It's that dreaded time of year again in the US tax time. Taxpayers have until April 15th to file their returns for the 1997 tax year. However, this tax season has arrived with more than 800 changes in the tax law, and so brings with it a greater need for taxpayers to have help in organising their finances.
The traditional way to file a tax return here has been to fill out paper forms which are then mailed to the Internal Revenue Service of the federal government. However, filing returns electronically has been growing steadily since 1985 when the IRS first accepted electronic forms.
This increase is due in large part to more sophisticated software packages aimed at taxpayers.
America's best selling personal tax preparation software applications are Turbo Tax and MacInTax which are developed and sold by Intuit Inc. These programs help consumers prepare, file and plan their taxes electronically.

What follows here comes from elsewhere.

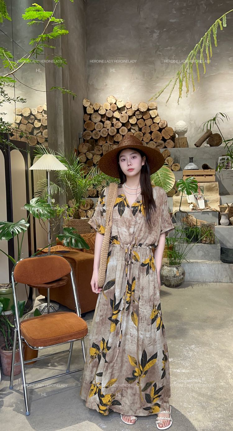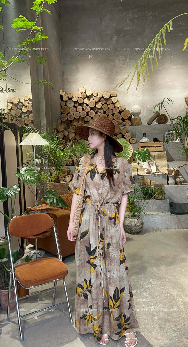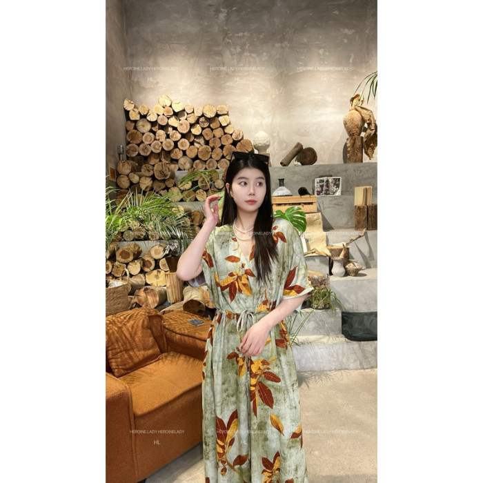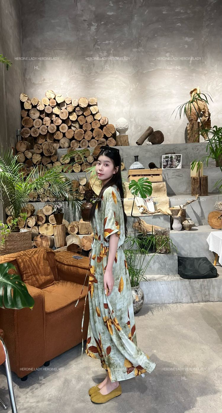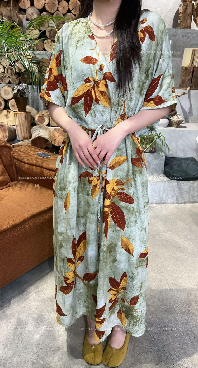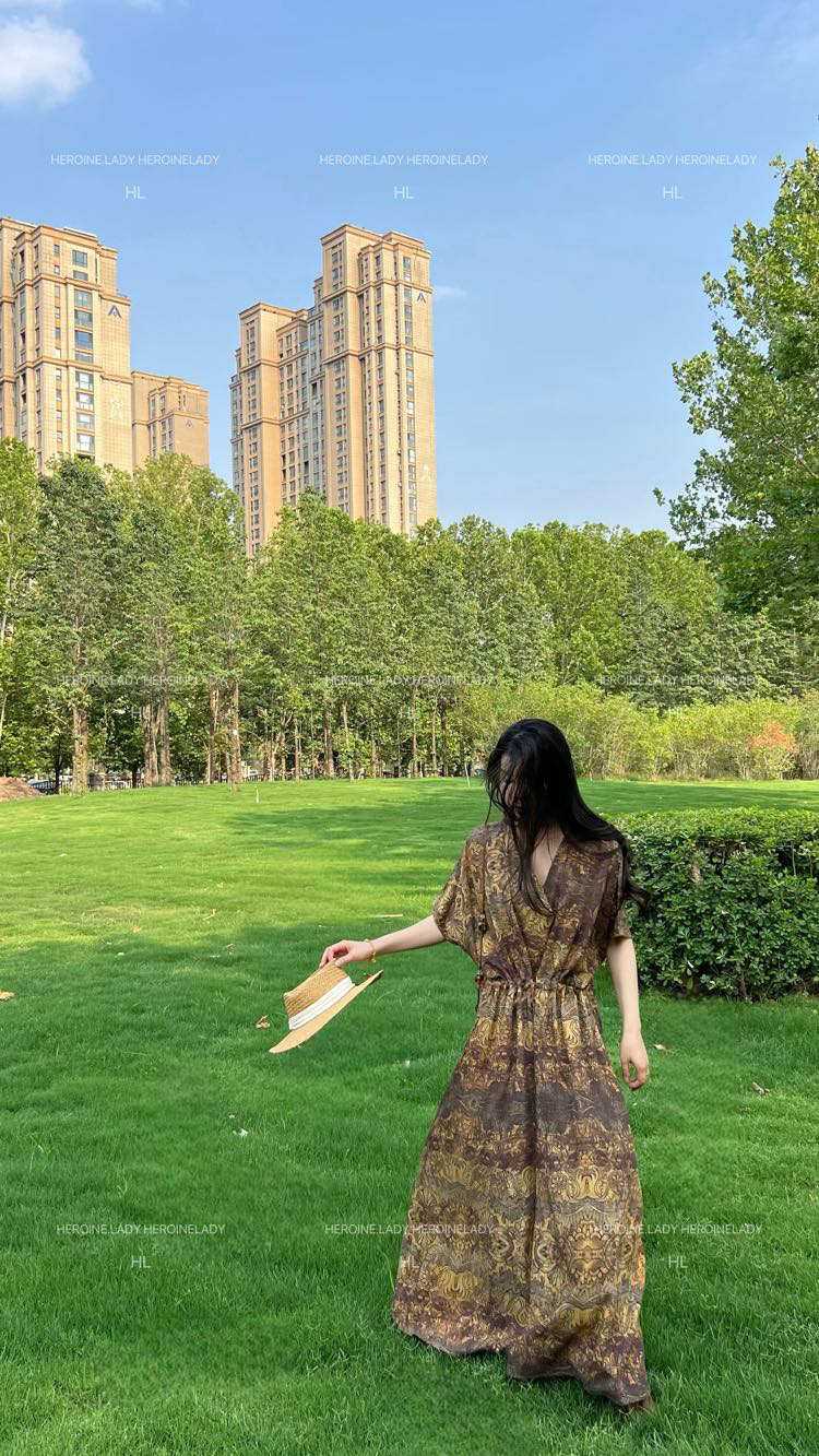 【楓葉蜜語】HL棉綢夏季國風休閒氣質顯瘦百搭法式高級長款連衣裙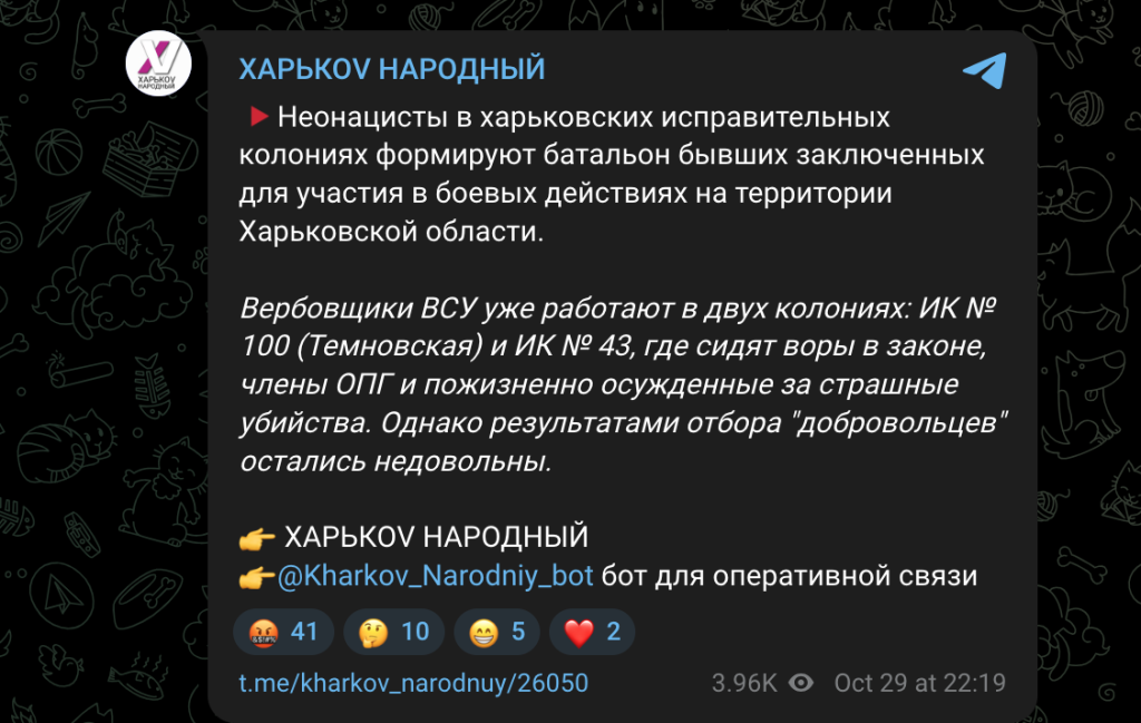 Телеграм-канал «ХАРЬКОV НАРОДНЫЙ» заявляє, що у двох колоніях на території Харківської області Збройні сили України вербують колишніх в’язнів для служби в ЗСУ.

"We listened to what our customers wanted out of their tax software and gave it to them," said Mr Scott Cook, founder and chairman of Intuit. "The result is software that sets new standards for personalised tax preparation, Web connectivity and truly seamless electronic filing."
Intuit made electronic filing available to its customers in 1988 and of the 2.5 million people who bought TurboTax in 1997, 12 per cent of them filed electronically. This figure is helped by the fact that TurboTax can integrate with Quicken for managing personal finances and QuickBooks, the small business accounting program, so home users and businesses can access their accounts on their personal computers and cut and paste the information into the tax software. Once completed, they can then connect by telephone line to Intuit which files the tax information with the IRS.
"As far as tax preparation is concerned we have a hold on the market," said Mr Robert Blodgett of Intuit. The company has more than 200 tax software developers alone.
However, it wasn't in the tax market that the company first started out. It began by creating desktop applications to help people manage their finances from home and was one of the first entrants into the now increasingly popular personal financial management software market.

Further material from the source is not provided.